Here we examined the association of childhood meat eating with later life cognitive function in an older population of Southern Chinese men and women. We tested the hypothesis that increased frequency of childhood meat eating is associated with better later adulthood cognitive function using the 10-word list learning task. This task was taken from the CERAD (Consortium to Establish a Registry for Alzheimer’s Disease) test battery designed to assess cognition function in older people [12]. The CERAD tests cover general cognition, confrontational naming, semantic fluency, constructional ability and new learning ability. The adapted CERAD 10-word list learning task has been validated as a culturally and educationally sensitive tool for identifying dementia in population based research in developing countries [13]. The immediate recall component of the adapted CERAD 10-word learning task tests new learning ability. In addition the delayed recall component of the 10-word list learning task has been validated as a sensitive tool for identifying mild cognitive impairment (MCI) [14], which is sub-clinical cognitive decline distinct from normal ageing that does not interfere with daily life, and may affect several cognitive domains, including general cognition and executive functioning [1517]. Amnesic-MCI is a sub-type of MCI characterized by memory deficits, corresponding to poor delayed recall on the 10-word list-learning task.
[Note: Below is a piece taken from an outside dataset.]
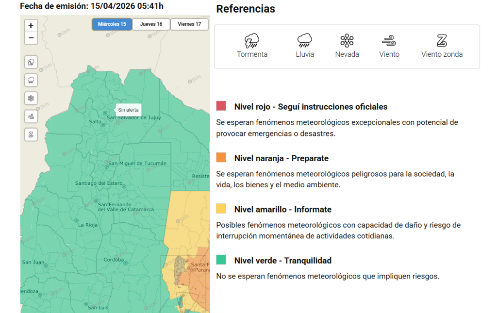 El Servicio Meteorológico Nacional informó que la provincia de Jujuy se encuentra bajo nivel verde, lo que indica ausencia de fenómenos meteorológicos que impliquen riesgos para la población. En este marco, San Salvador de Jujuy transita una jornada inicialmente estable, con condiciones climáticas favorables durante la mañana.

Both MCI and amnesic-MCI are conditions with a high risk of progressing to Alzheimer’s disease or dementia [1618], probably because recall activity is centered in the entorhinal cortex and hippocampus, where the earliest neuropathological changes in Alzheimer’s disease occur [14]. Annual conversion rates to dementia from MCI vary from about 10 to 15% in clinic based studies to 5–10% in population-based studies, with possibly higher rates for amnesic-MCI [17, 18].
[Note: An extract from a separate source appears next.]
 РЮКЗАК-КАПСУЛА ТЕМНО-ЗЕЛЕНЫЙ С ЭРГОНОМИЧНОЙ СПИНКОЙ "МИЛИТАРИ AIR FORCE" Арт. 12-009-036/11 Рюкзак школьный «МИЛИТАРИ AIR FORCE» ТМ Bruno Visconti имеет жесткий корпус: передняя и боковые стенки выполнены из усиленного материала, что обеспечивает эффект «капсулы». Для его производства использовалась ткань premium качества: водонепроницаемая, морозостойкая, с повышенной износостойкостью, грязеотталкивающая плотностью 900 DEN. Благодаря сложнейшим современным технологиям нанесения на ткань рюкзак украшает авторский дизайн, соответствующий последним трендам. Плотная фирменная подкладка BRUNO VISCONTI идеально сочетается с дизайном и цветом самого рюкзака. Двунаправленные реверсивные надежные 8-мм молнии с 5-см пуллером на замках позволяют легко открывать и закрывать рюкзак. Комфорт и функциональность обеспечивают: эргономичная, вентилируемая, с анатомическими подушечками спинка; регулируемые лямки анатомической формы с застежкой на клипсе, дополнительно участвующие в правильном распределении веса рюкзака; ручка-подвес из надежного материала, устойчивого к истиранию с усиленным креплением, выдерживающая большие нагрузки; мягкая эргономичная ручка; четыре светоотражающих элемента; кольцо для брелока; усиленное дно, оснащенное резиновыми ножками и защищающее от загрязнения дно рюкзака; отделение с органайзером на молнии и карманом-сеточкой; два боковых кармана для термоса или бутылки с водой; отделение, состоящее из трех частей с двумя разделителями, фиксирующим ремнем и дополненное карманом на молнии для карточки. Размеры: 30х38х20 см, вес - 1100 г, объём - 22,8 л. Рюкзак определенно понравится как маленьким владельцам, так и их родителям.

The Guangzhou Biobank Cohort Study is an ongoing collaboration among the Guangzhou People’s Number 12 Hospital, the Universities of Hong Kong and Birmingham and has been described in detail elsewhere [19]. Recruitment of participants was carried out in 3 phases and draws from “The Guangzhou Health and Happiness Association for the Respectable Elders” (GHHARE), a community social and welfare association unofficially aligned with the municipal government where membership is open to older persons for a monthly fee of 4 Yuan (50 US cents). About 7% of permanent Guangzhou residents aged 50 years and over are members of GHHARE, of whom 11% (about 10,000 participants) enrolled each time for phases one, two and three and were included if they were capable of consenting, ambulatory, and not receiving treatment modalities which if omitted may result in immediate life threatening risk, such as chemotherapy or radiotherapy for cancer, or dialysis for renal failure. Those with less immediate risk, such as a history of vascular disease or associated risk factors, including diabetes and hypertension, were not excluded from the study. The interview protocol was changed in phase 2 (recruited from April 2005 to May 2006) to include questions regarding the participant’s family background and childhood experiences, which were also included in phase 3 (recruited from September 2006 to January 2008). The Guangzhou Medical Ethics Committee of the Chinese Medical Association approved the study and all participants gave written, informed consent prior to participation.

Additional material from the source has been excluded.